WORK INSTRUCTIONS =>
Please output the line containing "Рис. 1.4. Примеры маркировки и тары для масел" and all lines that follow it in the data below, exactly, with no pictures.

EXTRACTED RECORDS =>
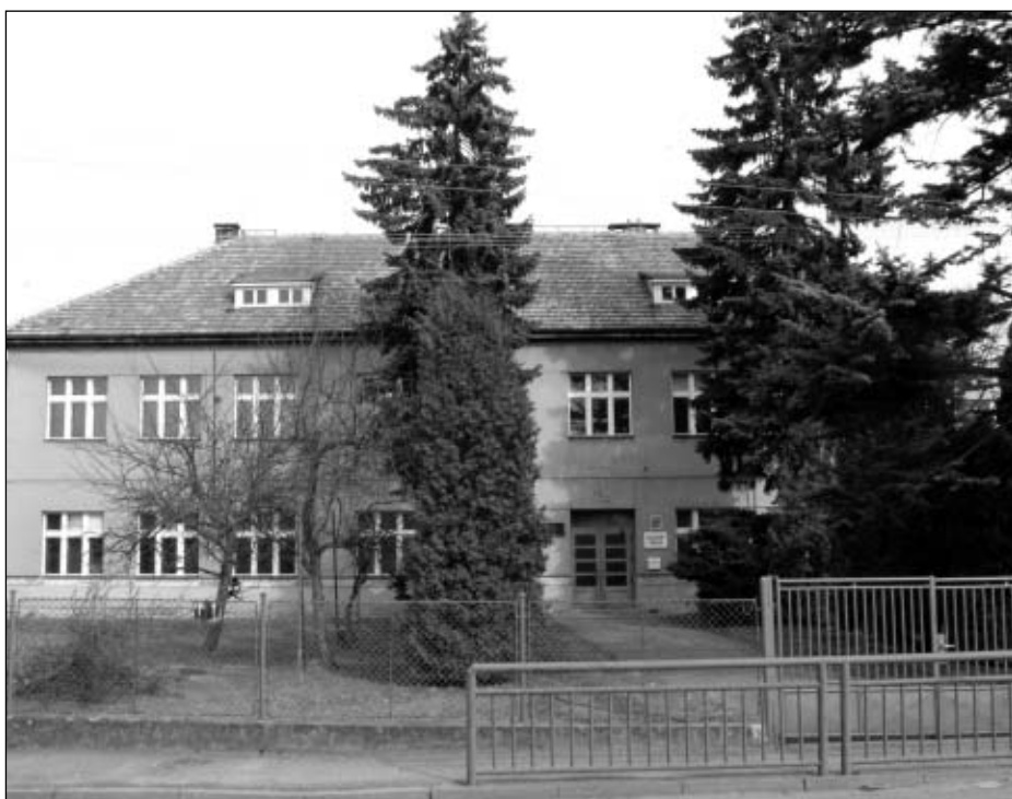
Budova bývalé staroholické školy
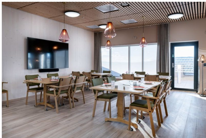
Spisearialet i Dagsenteret.
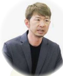
議長を務める岩城組合長
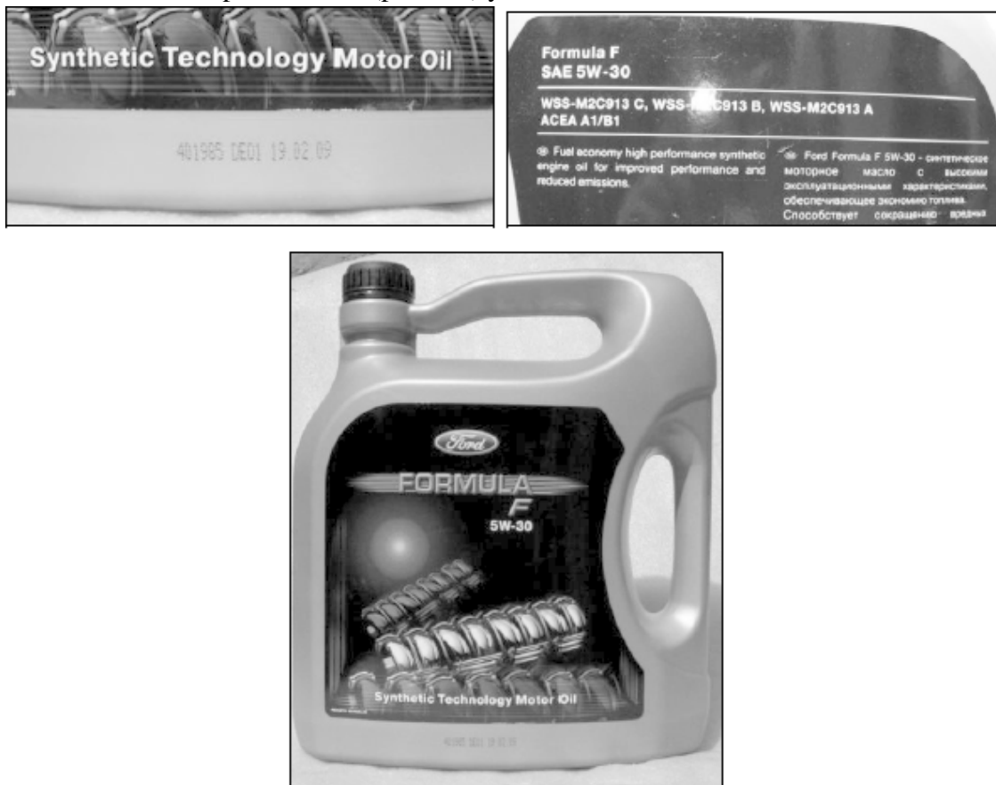
Рис. 1.4. Примеры маркировки и тары для масел

На этикетке моторного масла (рис. 1.4) указываются:
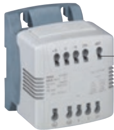
0 442 02
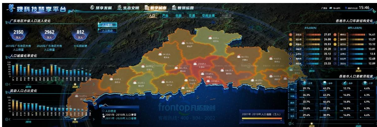
省设计院粤规科技慧享平台

凡拓数创基于国产化 B/S 架构，自研 FT-E 数字孪生渲染引擎，融合 GIS、BIM、CIM 技术，可容纳城市级数据，实现毫秒级动态渲染，从物理层到操作系统信创全流程认证，安全等级符合国家规定，全链条集成与兼容政企、工业、互联网多源异构数据，融合多媒体交互与 AI 数字人技术，实现多端联动、智能音控等操作。平台已通过华为公司的认证，为产业数字化赋能，为市政、环境、安防、应急、工业制造等应用领域提供数字孪生解决方案。

RESULT OF THE EXERCISE =>
Рис. 1.4. Примеры маркировки и тары для масел

На этикетке моторного масла (рис. 1.4) указываются:
0 442 02
省设计院粤规科技慧享平台

凡拓数创基于国产化 B/S 架构，自研 FT-E 数字孪生渲染引擎，融合 GIS、BIM、CIM 技术，可容纳城市级数据，实现毫秒级动态渲染，从物理层到操作系统信创全流程认证，安全等级符合国家规定，全链条集成与兼容政企、工业、互联网多源异构数据，融合多媒体交互与 AI 数字人技术，实现多端联动、智能音控等操作。平台已通过华为公司的认证，为产业数字化赋能，为市政、环境、安防、应急、工业制造等应用领域提供数字孪生解决方案。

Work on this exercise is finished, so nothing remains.